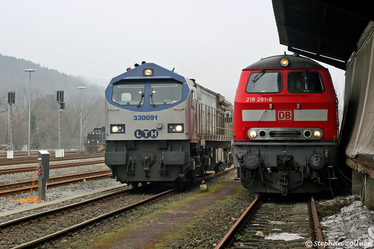 Großdieselloktreffen am nebeligen 21. Februar 2008 im Bestwiger Gbf. Während sich in der Mitte OHE 3300 91 nach Ergänzen der Betriebsstoffe von der Tankanlage aus auf den Weg nach Arnsberg macht, wartet 218 261 rechts auf das Freiwerden der Zapfsäule. Hinten links mogelt sich soeben noch MRCE 100 1013 ins Bild, die gerade mit dem Eggerzug aus Brilon zurückgekehrt ist.
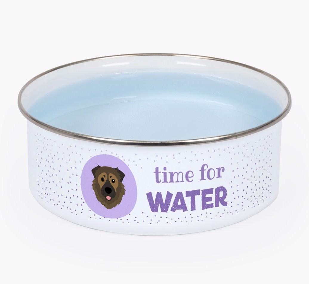 Time For Water: Personalized Enamel Caucasian Shepherd Dog Bowl
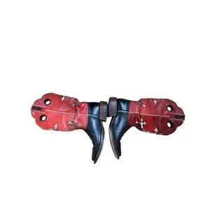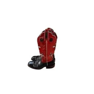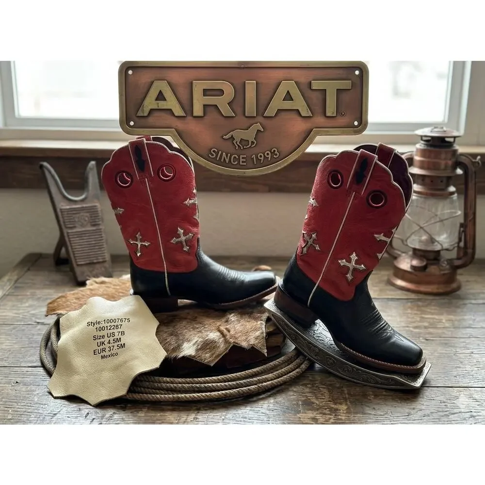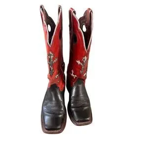 Make a bold statement with these Ariat Rodeobaby Rocker boots. Featuring a striking red leather shaft detailed with intricate silver-toned cross overlays and wing-inspired embroidery, these boots are designed for the rider who loves standout style. The black leather foot provides a classic contrast, while the wide square toe and rocker heel offer a modern silhouette. Built with Ariat’s performance technology, they provide excellent stability and cushioning for all-day wear. These are in very good condition and ready to add some edge to your western collection.
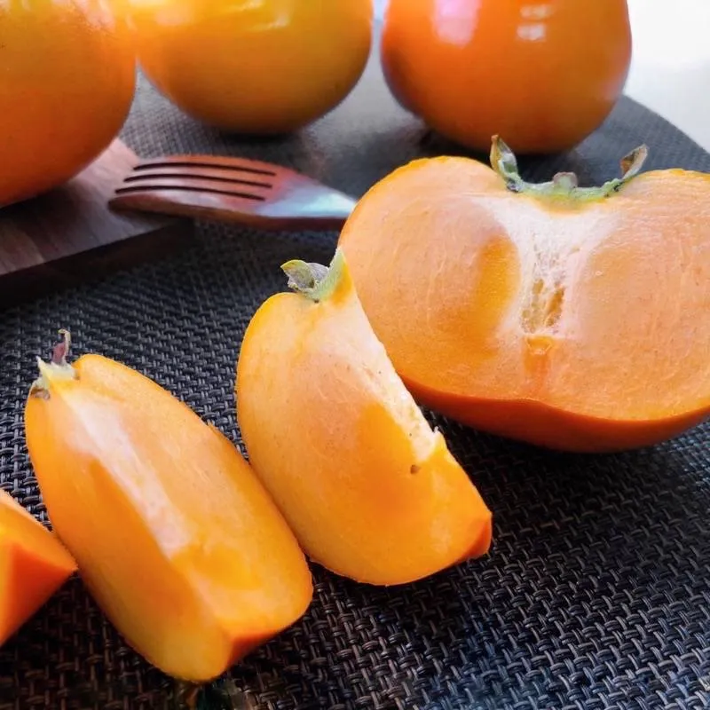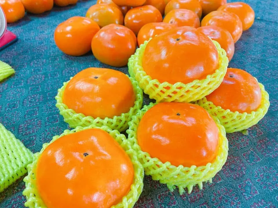 ●富有甜柿:產季約在11月中旬~12月中下旬。富有甜柿被譽為柿中之王,其特色是果肉細緻、多汁且甜度中等,成熟後不會殘留澀味,跟花御所相比,果型較大。肉質細緻,甜度又更高了一些。
=====
▶ **BRIEF**
Apart from the pictures, every line of the data above should be given again exactly.

▶ **REPLY**
 Großdieselloktreffen am nebeligen 21. Februar 2008 im Bestwiger Gbf. Während sich in der Mitte OHE 3300 91 nach Ergänzen der Betriebsstoffe von der Tankanlage aus auf den Weg nach Arnsberg macht, wartet 218 261 rechts auf das Freiwerden der Zapfsäule. Hinten links mogelt sich soeben noch MRCE 100 1013 ins Bild, die gerade mit dem Eggerzug aus Brilon zurückgekehrt ist.
 Time For Water: Personalized Enamel Caucasian Shepherd Dog Bowl
 Make a bold statement with these Ariat Rodeobaby Rocker boots. Featuring a striking red leather shaft detailed with intricate silver-toned cross overlays and wing-inspired embroidery, these boots are designed for the rider who loves standout style. The black leather foot provides a classic contrast, while the wide square toe and rocker heel offer a modern silhouette. Built with Ariat’s performance technology, they provide excellent stability and cushioning for all-day wear. These are in very good condition and ready to add some edge to your western collection.
 ●富有甜柿:產季約在11月中旬~12月中下旬。富有甜柿被譽為柿中之王,其特色是果肉細緻、多汁且甜度中等,成熟後不會殘留澀味,跟花御所相比,果型較大。肉質細緻,甜度又更高了一些。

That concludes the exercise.